• **WORK ITEM**: Could the data below please be reproduced word for word, without the pictures?

-------- SUPPLIED MATERIAL --------

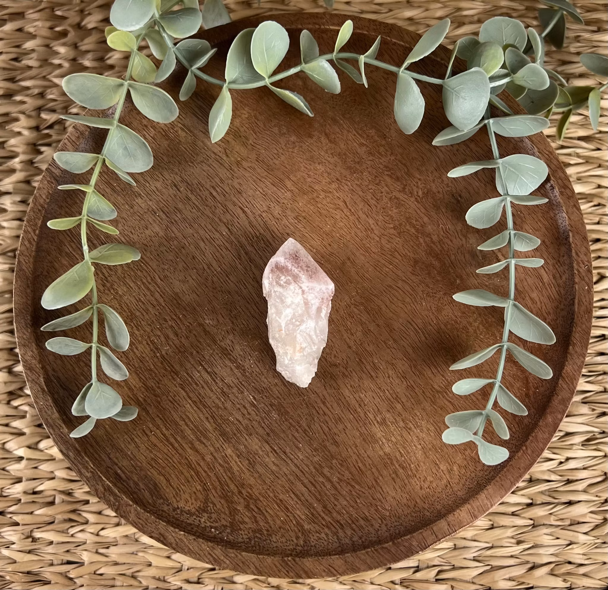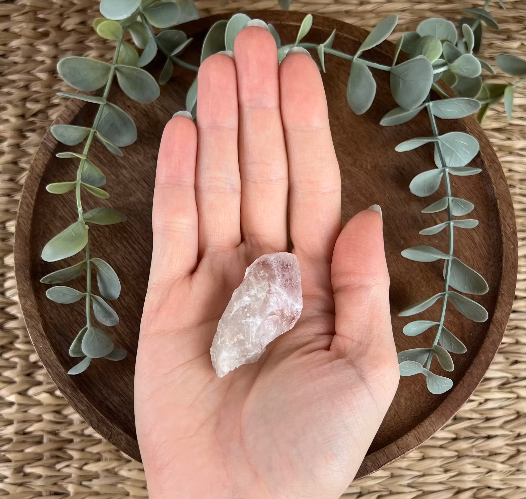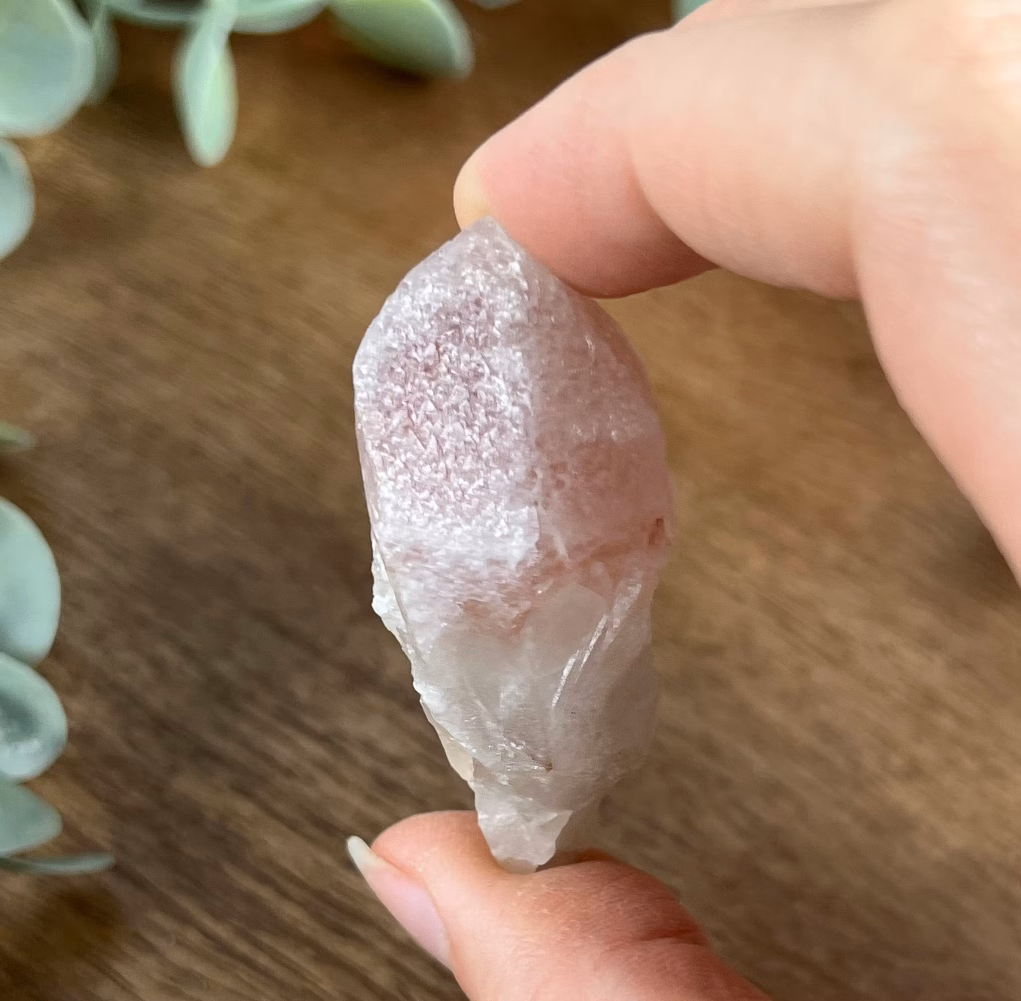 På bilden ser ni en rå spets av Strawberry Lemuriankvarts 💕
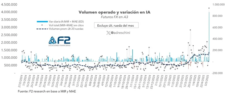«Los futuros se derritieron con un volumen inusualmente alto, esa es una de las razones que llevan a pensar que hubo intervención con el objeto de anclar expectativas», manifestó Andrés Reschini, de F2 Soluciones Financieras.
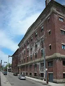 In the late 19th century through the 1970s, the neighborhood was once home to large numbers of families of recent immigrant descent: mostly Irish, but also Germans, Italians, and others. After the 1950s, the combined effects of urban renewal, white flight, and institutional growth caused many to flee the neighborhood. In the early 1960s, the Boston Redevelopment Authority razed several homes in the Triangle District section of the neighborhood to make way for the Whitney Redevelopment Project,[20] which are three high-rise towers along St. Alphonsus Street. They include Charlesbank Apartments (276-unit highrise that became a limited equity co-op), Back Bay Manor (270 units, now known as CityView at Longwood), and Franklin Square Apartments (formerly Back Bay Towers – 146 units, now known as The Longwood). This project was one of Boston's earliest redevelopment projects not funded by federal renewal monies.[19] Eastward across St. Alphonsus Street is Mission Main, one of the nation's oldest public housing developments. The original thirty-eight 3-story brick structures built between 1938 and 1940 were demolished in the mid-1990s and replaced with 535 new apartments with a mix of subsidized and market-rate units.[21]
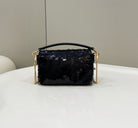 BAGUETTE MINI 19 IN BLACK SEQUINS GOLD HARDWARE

--------

• **FINISHED EXERCISE**:
 På bilden ser ni en rå spets av Strawberry Lemuriankvarts 💕
«Los futuros se derritieron con un volumen inusualmente alto, esa es una de las razones que llevan a pensar que hubo intervención con el objeto de anclar expectativas», manifestó Andrés Reschini, de F2 Soluciones Financieras.
 In the late 19th century through the 1970s, the neighborhood was once home to large numbers of families of recent immigrant descent: mostly Irish, but also Germans, Italians, and others. After the 1950s, the combined effects of urban renewal, white flight, and institutional growth caused many to flee the neighborhood. In the early 1960s, the Boston Redevelopment Authority razed several homes in the Triangle District section of the neighborhood to make way for the Whitney Redevelopment Project,[20] which are three high-rise towers along St. Alphonsus Street. They include Charlesbank Apartments (276-unit highrise that became a limited equity co-op), Back Bay Manor (270 units, now known as CityView at Longwood), and Franklin Square Apartments (formerly Back Bay Towers – 146 units, now known as The Longwood). This project was one of Boston's earliest redevelopment projects not funded by federal renewal monies.[19] Eastward across St. Alphonsus Street is Mission Main, one of the nation's oldest public housing developments. The original thirty-eight 3-story brick structures built between 1938 and 1940 were demolished in the mid-1990s and replaced with 535 new apartments with a mix of subsidized and market-rate units.[21]
 BAGUETTE MINI 19 IN BLACK SEQUINS GOLD HARDWARE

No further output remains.